Hi guys, I’m new to TVM and I was trying to test the performance of a single operator on NVGPU. So far I found the doc about how to test model benchmark(https://github.com/apache/incubator-tvm/blob/main/apps/benchmark/README.md). And the doc about [Tuning High Performance Convolution on NVIDIA GPUs] (https://tvm.apache.org/docs/tutorials/autotvm/tune_conv2d_cuda.html). But neither of them satisfies my needs. What I want is to test the single op performance instead of testing a whole model nor self-defining an operator and tune it. Can anybody tell me how to do this?

Hello @haozech. There are two ways you can go about benchmarking a single operator. You can either 1. benchmark a specific implementation of the operator or 2. benchmark all implementations of the operator.

For 1, follow the Tuning High Performance Convolution on NVIDIA GPUs tutorial, but skip section 1. In section two, replace "tutorial/conv2d_no_batching" in task = autotvm.task.create("tutorial/conv2d_no_batching", args=(N, H, W, CO, CI, KH, KW, strides, padding), target="cuda") with the name of the implementation you want to benchmark. You can find the name of the implementation by greping the codebase for @autotvm.register_topi_compute. You’ll also have to modify the inputs to they match what the function is expecting. Furthermore, you’ll have to change conv2d_no_batching and conv2d_nchw_python in the last code block with the correct function names (these should be the name of the function annotated with @autotvm.register_topi_compute).

For 2, follow the Auto-tuning a convolutional network for NVIDIA GPU tutorial. Replace get_network with a function that returns a relay function with a single operator like so:

x = relay.Var("x", tvm.relay.TensorType([40, 40]))
y = relay.Var("y", tvm.relay.TensorType([40, 40]))
mod = relay.Function(
    [x, y],
    relay.my_function(x, y)
)
1 Like

Thank you for your reply!

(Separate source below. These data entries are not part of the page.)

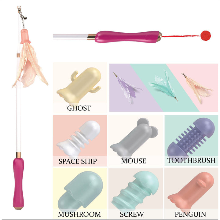 The Pet Life® 'Wander-cat' Customizable and Extendable Multiple Attachment and Laser Cat Teaser provides an all-in-one cat toy experience! The Wander-Cat Teaser Features 7 unique interchangeable heads with fun and unique character shapes and 3 interchangeable feathers that connect to the interchangeable heads that provides the user plenty of Cat Teasing options.
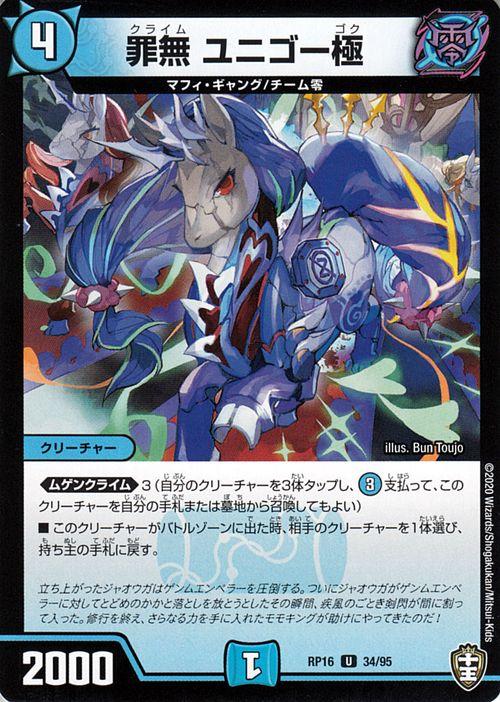 デュエルマスターズ 罪無 ユニゴー極 アンコモン 百王×邪王 鬼レヴォリューション!!! DMRP16 デュエマ 水文明 クリーチャー
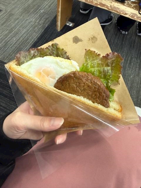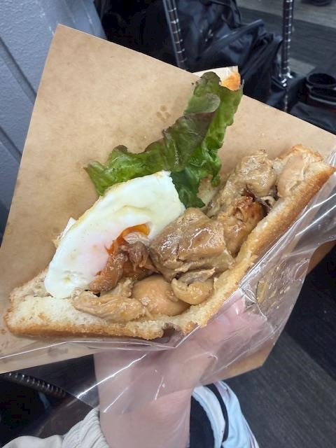 揚げパンにチキンと目玉焼きが入ったやつ!
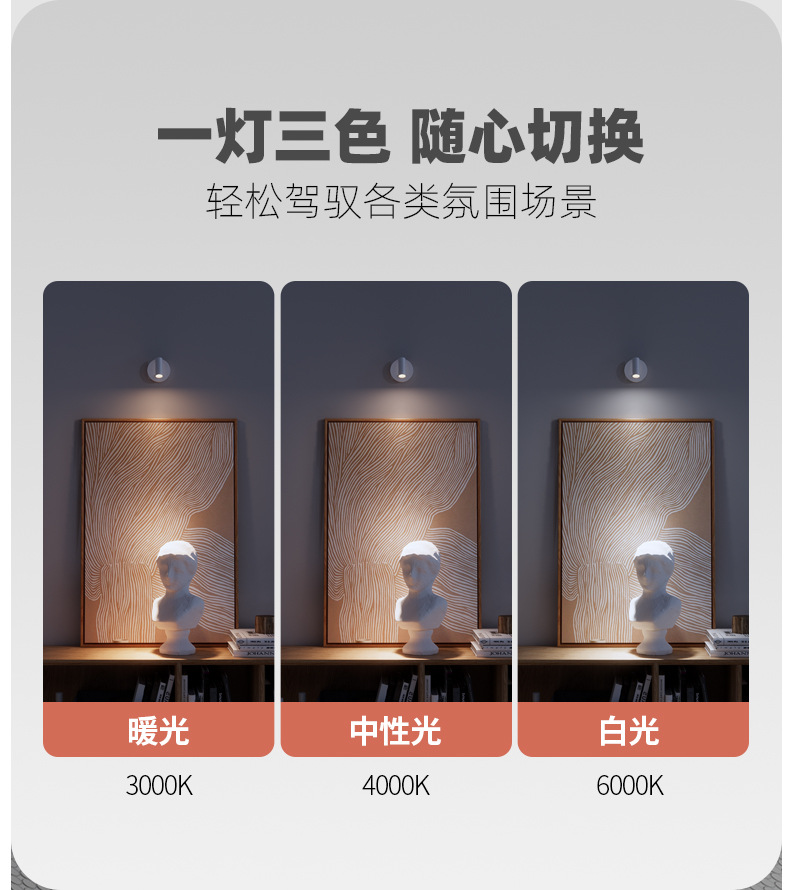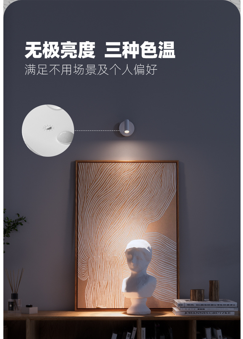 • 매트 화이트/2200mAh/상시 켜짐 + 센서 + 디밍 및 색상 조정 + 자기 흡입
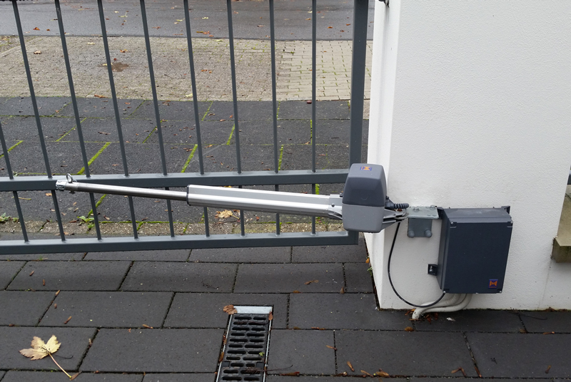 Für eine Villa im Bauhausstil hat Nappenfeld eine große Tor- und Zaunanlage entworfen und realisiert. Tore und Zäune sind verzinkt und pulverbeschichtet; ein Tor verfügt über einen elektrischen Torantrieb mit Spindelfunktion. Eine Besonderheit der aufwendigen Anlage befindet sich in den Betonsäulen. Die im Inneren eingelegten Stahlträger im Köcherfundament dienen zur Mauerstabilisierung.

It’s really helpful. Well, I found that in Tuning High Performance Convolution on NVIDIA GPUs , the step 2 will do tuning and find the best config. Is there any way to skip tuning and just test the default config’s performance?

By the way, for 2, the function should return 4 values:mod, params, input_shape, output_shape. But I didn’t see the params in the code?

x = relay.Var("x", tvm.relay.TensorType([40, 40]))
y = relay.Var("y", tvm.relay.TensorType([40, 40]))
mod = relay.Function(
    [x, y],
    relay.my_function(x, y)
)

To test without a config, remove the autotvm.apply_history_best with statement.

params is a dictionary mapping from the name of a weight to the actual values of the weight. In this case, you have no weights, so it is just the empty dictionary.

Problem solved. Thank you!